YOUR TASK —
Write out each line of the material exactly as given, and drop the images.

EXERCISE DATA —
◆ ◆ ◆ ◆ ◆ ◆ ◆

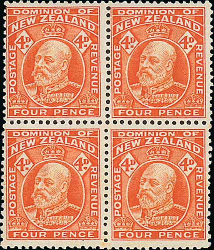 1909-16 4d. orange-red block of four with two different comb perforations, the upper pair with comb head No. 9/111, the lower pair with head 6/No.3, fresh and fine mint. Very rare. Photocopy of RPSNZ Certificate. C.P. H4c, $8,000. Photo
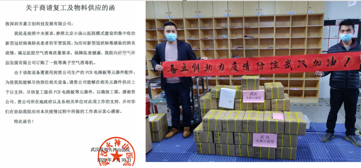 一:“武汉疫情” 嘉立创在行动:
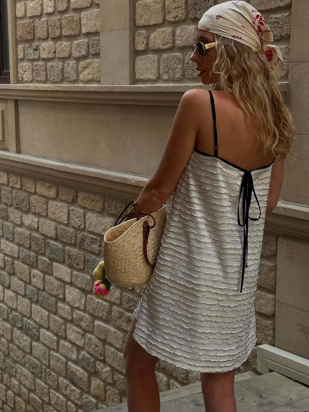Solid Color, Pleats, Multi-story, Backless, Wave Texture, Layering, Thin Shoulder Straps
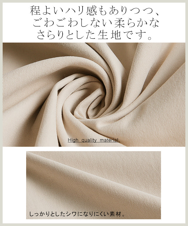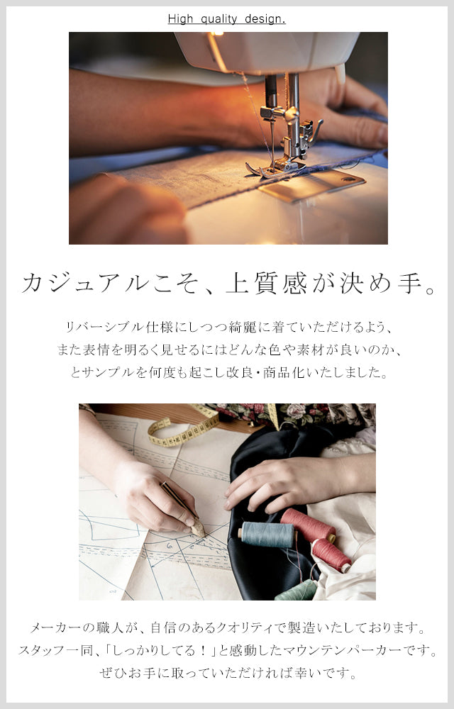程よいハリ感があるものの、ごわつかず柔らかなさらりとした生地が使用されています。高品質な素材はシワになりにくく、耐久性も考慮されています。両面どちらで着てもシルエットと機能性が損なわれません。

◆ ◆ ◆ ◆ ◆ ◆ ◆

YOUR SOLUTION —
 1909-16 4d. orange-red block of four with two different comb perforations, the upper pair with comb head No. 9/111, the lower pair with head 6/No.3, fresh and fine mint. Very rare. Photocopy of RPSNZ Certificate. C.P. H4c, $8,000. Photo
 一:“武汉疫情” 嘉立创在行动:
Solid Color, Pleats, Multi-story, Backless, Wave Texture, Layering, Thin Shoulder Straps
程よいハリ感があるものの、ごわつかず柔らかなさらりとした生地が使用されています。高品質な素材はシワになりにくく、耐久性も考慮されています。両面どちらで着てもシルエットと機能性が損なわれません。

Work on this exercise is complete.